Feridun Düzağaç: "Flu, Enstrümanlara Tapınan Bir Albüm"

Onun şarkıları çoğunlukla salt acıya, ayrılığa ve kalp kırıklığına aitlenir. Gidecek başka durakları yokmuş gibi sevgiliyle ayrılan yolların dibine dökülür onun albümleri ve mütemadiyen bir dost arayışlarında iPod'ların oval tuşu F harfine sabitlenir.

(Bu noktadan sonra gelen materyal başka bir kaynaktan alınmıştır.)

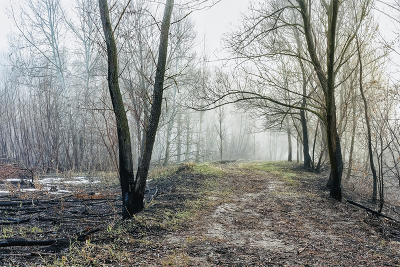 Весна, утро, туман.. В лесу туман, утром весенним. Когда утром туманно, по дороге в лес. Вдали туман опустился, в лесу.. Дорога лесная ближний план, промеж деревьев, обгоревших в прошлогоднем пожаре.. Зеленеет растительность, трава и приходит весна. В тумане природа утром весенним. |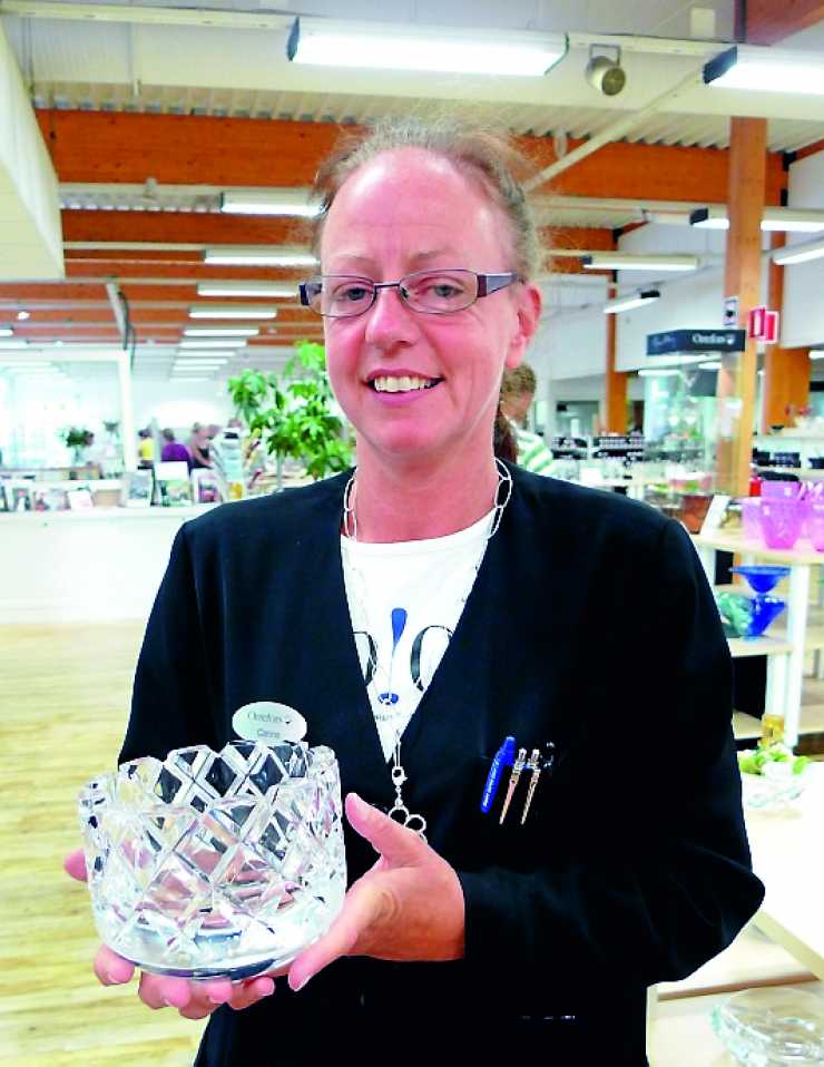 Men vi måste förstås förnya oss även när det gäller våra klassiska skålar och vaser, säger Carina och visar samma skål men med ett svart glasskikt ytterst. Detta kanske attraherar yngre kunder?

Oysaki Feridun Düzağaç; içten geçen tüm şehirlerin biricik sırdaşıdır aynı zamanda. Onu rahatta dinleyebilirsiniz örneğin. Elbette kulağınız ondayken, birilerini özlemek de serbesttir. Yakınmacılığı köküne kadar kullanıp, başka kimlikleri de nüfusunuza alarak "Hayat neden şekil yapıyor" diye sorabilir ve hatta Düşlerime Kal diye haykırabilirsiniz. Ama öncesinde "Beni sana çağıran her ne ise sustur. Yaşanınca tükenir, bilirsin." diye dipnot düşmeniz gerekebilir; aynadaki suretlere.

Haberin Devamı

Yeni albümü Flu'yu Düzağaç ile konuşmak için Yeniköy'e doğru giderken aklımda sorularım, ellerimde üstadın şarkıları vardı. Yeniköy'e varıp, Düzağaç ile karşılıklı oturduğumuzda ise; bünyemdeki sorularla şarkılar birden bire yer değiştirdi.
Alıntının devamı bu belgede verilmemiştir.